Needs analysis had two steps: (1) First, the elements to be used in metadata were identified. It is realized that most of the spatial datasets did not have any metadata. Another important problem about spatial datasets in Iran is that, there is no accepted metadata standard to be followed. So after interviewing with responsible officers in these organizations a collection of about 30 elements of metadata was accepted to be used in spatial data clearinghouse. (2) Second step was to produce forms and collect metadata elements for existing spatial data of the mentioned organizations. These two steps resulted about 250 set of metadata, prepared for each dataset. It must be noted that for each spatial dataset, only one set of metadata was prepared.
3-1- Architecture
Spatial data clearinghouse is a distributed system that allows to register datasets and to search for the datasets (Alesheikh and Helali 2002). The best environment to implement such a system is World Wide Web network. The reasons include: (1) Internet is expanded around the whole world and everyone can have access to it. (2) Working with Internet has become simple and all people can work with it easily. Thus the best environment for implementing a national or a global clearinghouse is Internet. But first of all it must be declared that what kind of users can access to this system.
3-1-1- Concerned people
Three kinds of people are concerned with a clearinghouse activity:
- the manager of clearinghouse;
- The owner of spatial data who wants to announce about his/her spatial data;
- the user who searches for spatial data.
The task of managing the system and performing the connections between two other users is the responsibility of the system manager. Also system manager must look for future demands of users and prepare the system to meet their new needs. The producer and owner of spatial data needs a mechanism to validate and register the metadata prepared for each dataset. And finally the spatial data user needs a mechanism to search for spatial datasets. A basic architecture of a clearinghouse system, which emphasizes on users, is shown in figure 2.

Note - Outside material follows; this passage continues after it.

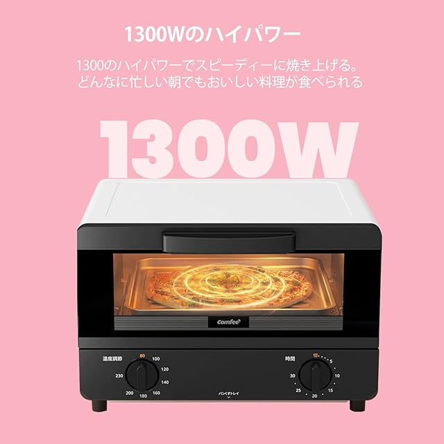 商品名:COMFEE' オーブントースター 4枚焼き 14L大容量 80℃~230℃無段階温度調節 30分タイマー付き 最大1300W出力 焼き網&受け皿付き スライド下開け・オープンドア設計 上下高火力ヒーター コンパクト設計 直感的なつまみ操作 一人暮らし お手入れ簡単 ホワイト CF-DC149-WB

Figure 2. an architecture of a clearinghouse with emphasis on users
3-1-2- Components to be Designed
Through preparing the system three main components are supposed to be designed:
- An appropriate interface for spatial data owners to register their metadata and an appropriate interface for spatial data users to search for datasets.
- A good database system to save registered metadata and to update, delete and retrieve metadata.
- A good and interactive medium to pose the connection between two previous components.
The implemented clearinghouse for Iran’s spatial datasets, follows the architecture of client/server. Some parts of the system like forms to register metadata or appropriate forms and graphics to search for spatial data are on the client side and both users, either owner or searcher, encounter with these forms and graphics on the client side. Then the system achieves the request from a client and sends it to the server side. Server processes the request and sends the results back to the client. So the architecture of a clearinghouse from the client/server point of view is like figure 3.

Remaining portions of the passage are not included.